4.Meaningful question for analysis:
The following insights were observed from the graphs and data: A.Approximate 17% of accidents has no airbag or seatbelt comparing to “dead” rate of all accidents at only 4.5%. B.There is no obvious trend between Injury Severity and number of Measures. C. Figure 3 shows lot of accidents happened for new cars focusing on 1st or 2nd year. It may imply either new drivers or experienced drivers are not familar with their new cars which may lead to high accidents occurred.
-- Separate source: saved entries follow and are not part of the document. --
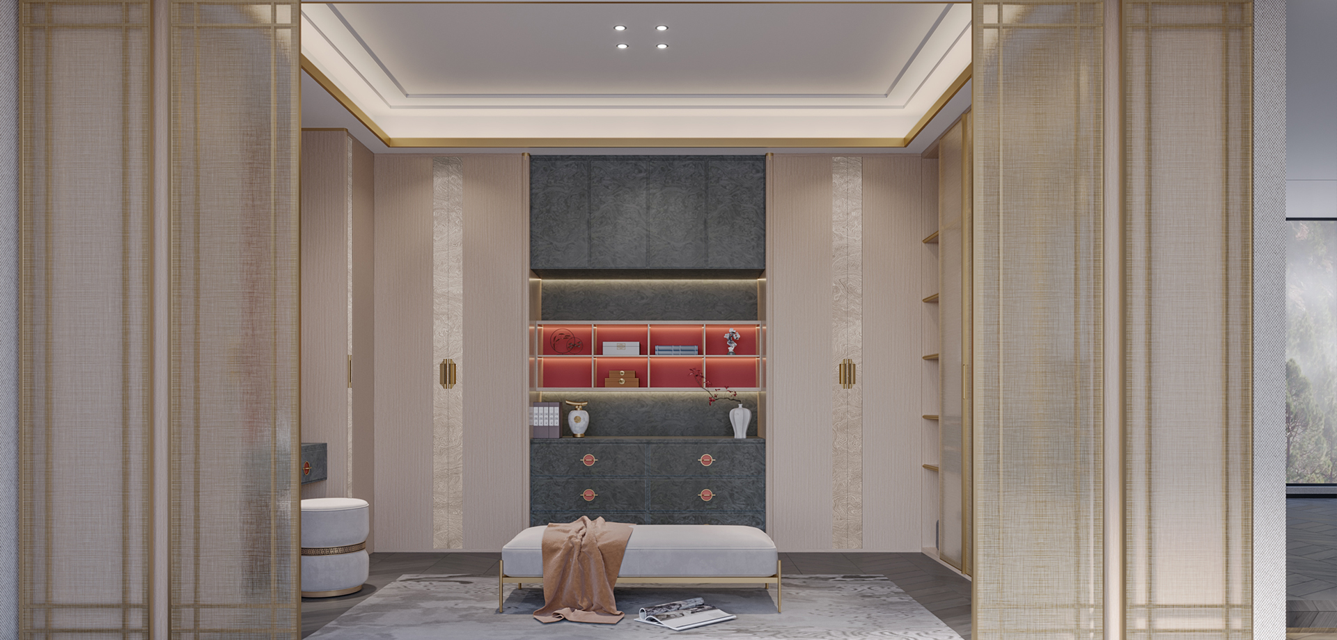 铝框包边亚克力发光层板灯与哑金金属架的融入使整体组合更加的丰富灯光的加入烘托整体空间的氛围感。
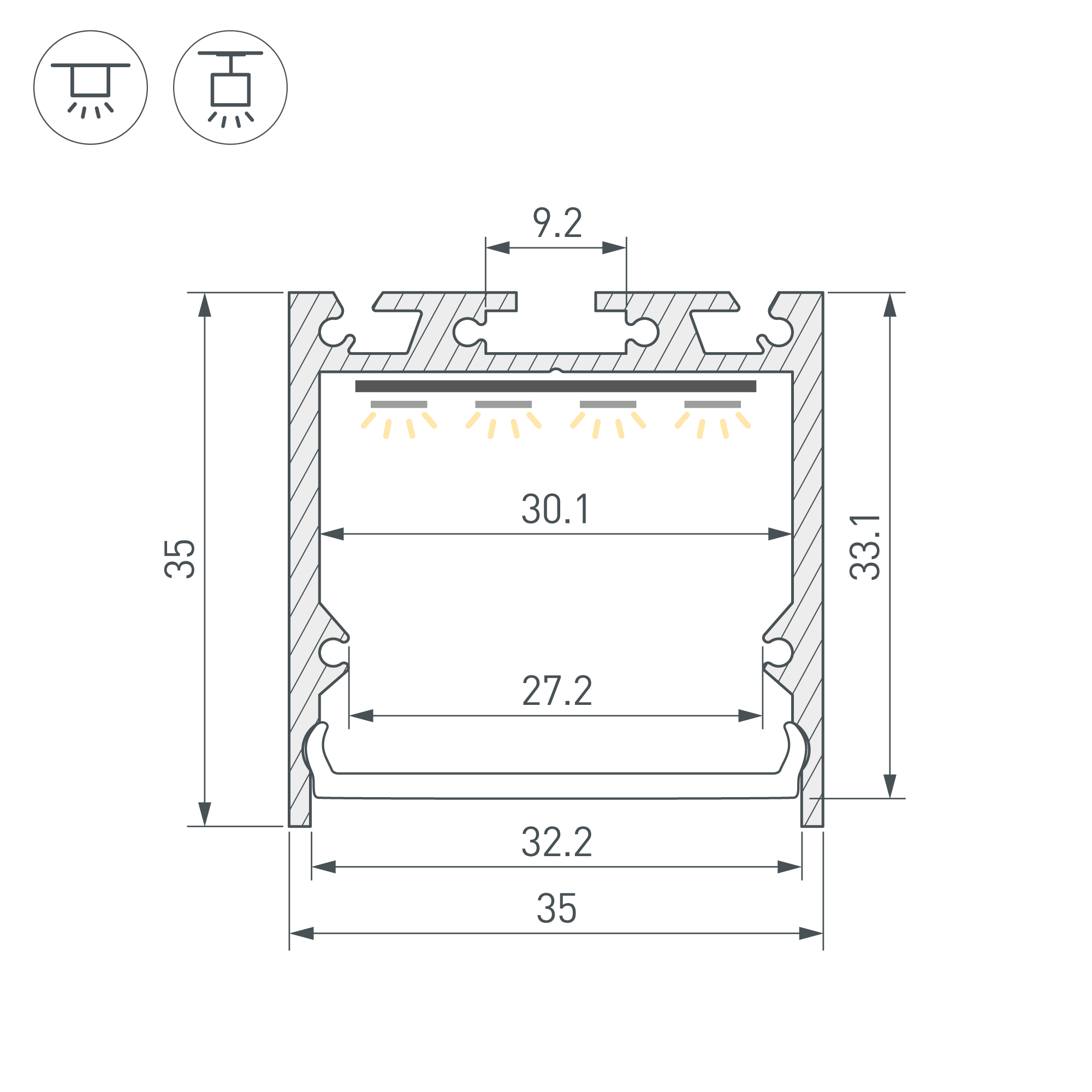 Для прямоугольных светильников |
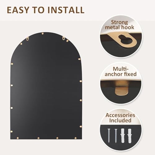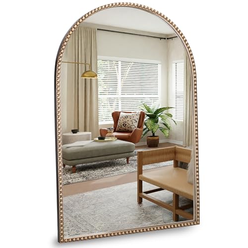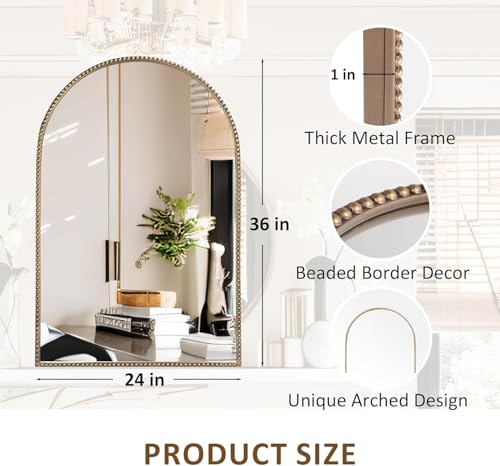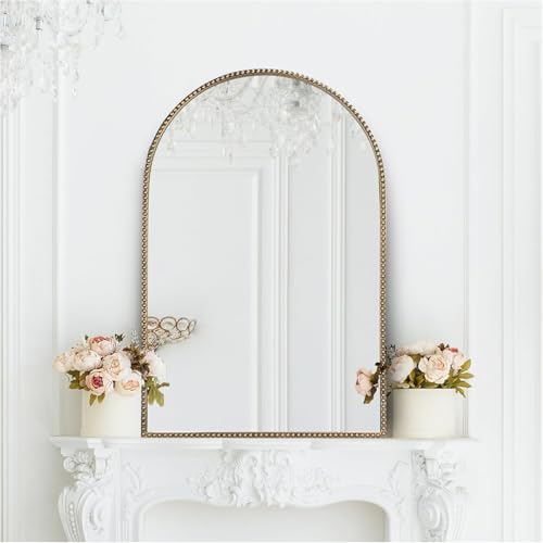 Specification: Arched Wall Mirror 24″ x 36″,Antique Gold Metal Beaded Frame, Decorative Accent Mirror for Bathroom, Living Room, Entryway & Bedroom
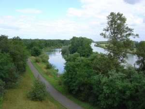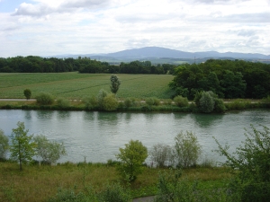Bei der Abfahrt in Basel hatte ich noch keine Ahnung, was das Etappenziel sein würde. Bereits zuhause hatte ich mir das Radtourenbuch Rhein-Radweg, Teil 1 von Basel nach Mainz gekauft und mich anhand der Beschreibungen entschieden, den Rhein auf der französischen Seite anzugehen. Nach dem exzellenten Kartenmaterial zu urteilen folgt der Radweg in Frankreich zwar selten dem Rhein (manchmal entfernt man sich mehr als zehn Kilometer vom Fluss), doch ist er durchgehend asphaltiert. Ganz anders sieht es auf der deutschen Seite aus: Alles Kiesweg. Die rund zehn Kilometer Kiesweg der Etappe am Vortag hatten mir gezeigt, dass ich mir das auf keinen Fall antun möchte. Später habe ich von anderen Radfahrern, die ich unterwegs getroffen habe, erfahren, dass diese Entscheidung sicher richtig war, denn zusätzlich sei auf der deutschen Seite auch die Signalisation mangelhaft. Doch dazu später noch mehr... Von der Jugendherberge in Basel führt der Weg zuerst quer durch die Altstadt. Der Marktplatz direkt beim Rathaus ist dabei nur eines der architektonischen Highlights. Das ändert sich aber schnell: Beim schweizerisch-französischen Zoll an der Hüningerstrasse wird man zwar nicht kontrolliert, doch fährt man mitten durch die Anlagen der Basler Gross-Chemie. Alle Firmennamen sind wohlbekannt, die Luft riecht sicherlich nicht nach Blumen. Das ist aber schnell vorbei, denn in Huningue zweigt der Radweg von der grossen Strasse ab und folgt dem Canal de Huningue. Eines ist sofort klar: Wenn die ganze Strecke so schön ist, wie hier, dann wird dieses "Abenteuer" ein grosser Genuss werden. Dem Kanal folgt man bis nach Niffer, wo er bei einer Schleuse von Le Corbusier einerseits in den Rhein fliesst, andererseits als Canal du Rhône au Rhin (Rhein-Rhône-Kanal) durch den Hardt-Wald fliesst. Diesem Kanal folgt man, später geht es direkt in den Wald, wo man höchstens noch Hasen trifft. Nach der Durchquerung dieses riesigen elsässischen Waldes gönne ich mir in Blodelsheim eine Pause und ein Mittagessen aus den Packtaschen. Ab hier folgt der Radweg grösseren Strassen bis nach Neuf-Brisach, wo die erste Etappe des Radtourenbuchs endet. Am Nachmittag fahre ich weiter nach Norden, teilweise entlang der offiziellen Radroute, teilweise nehme ich kleinere Abkürzungen, denn wenn man schon auf Strassen fahren muss, dann muss ich nicht noch einen Umweg machen. Bereits am Morgen hatte ich auf den Karten nach Zeltplätzen in dieser Gegend gesucht und mir ein paar Kandidaten gemerkt. Viele gibt es nicht, doch scheine ich mit dem in Boofzheim Glück zu haben. Direkt vor dem grossen Zeltplatz hat es ein Einkaufzentrum, wo ich mich mit Esswaren für den Abend und die nächsten zwei Tage eindecken kann. Ich kaufe mir auch mehr Getränke, denn unterwegs habe ich merken müssen, dass es in Frankreich schwieriger ist als in der Schweiz, zu Trinkwasser zu kommen. Den Abend verbringe ich auf dem Zeltplatz mit einer Pizza, einem Halbliter Muscat und ein paar Sudokus. Das ist die ehrlich verdiente Entspannung! In der Nacht ändert dann leider das Wetter und das Zelt wir (aussen) total nass. Eines ist jetzt klar: Auch die nächste Nacht muss ich wieder im Zelt nächtigen, denn ich muss aufstellen können, damit es trocknen kann.
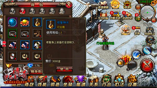 細(xì)心的你會(huì)發(fā)現(xiàn)在藥店老板那里還可以修復(fù)裝備耐久,不過(guò)我們這個(gè)祖?zhèn)骼现嗅t(yī)絕對(duì)不是蓋的,特為日常在外風(fēng)吹日曬怪物追的你(呃……好像暴露了什么 = =#)準(zhǔn)備了一款神藥“修復(fù)神水”,一經(jīng)使用就能瞬間恢復(fù)身上所有裝備的全部耐久,有沒(méi)有屌到飛起?
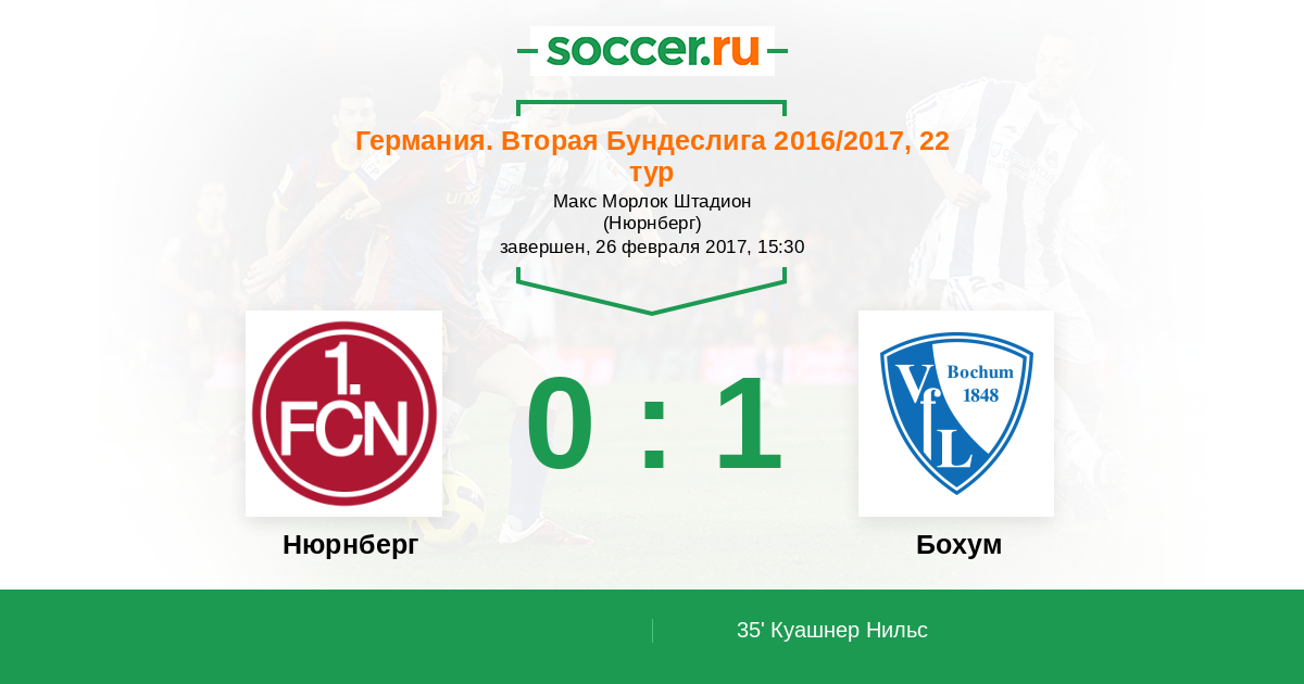 35' (0:1) Куашнер Нильс (36) (Гьямера Ян (18))

D. The average age of male occupant is lower than female.The IQR for male is also smaller than female. There are several high age drivers or passengers. E. Numeric data of age of occupant and year of vehicle are used to dig into additional insights of the data. One interesting observation is that “dead” is happening at the Injured Severity Level of 4.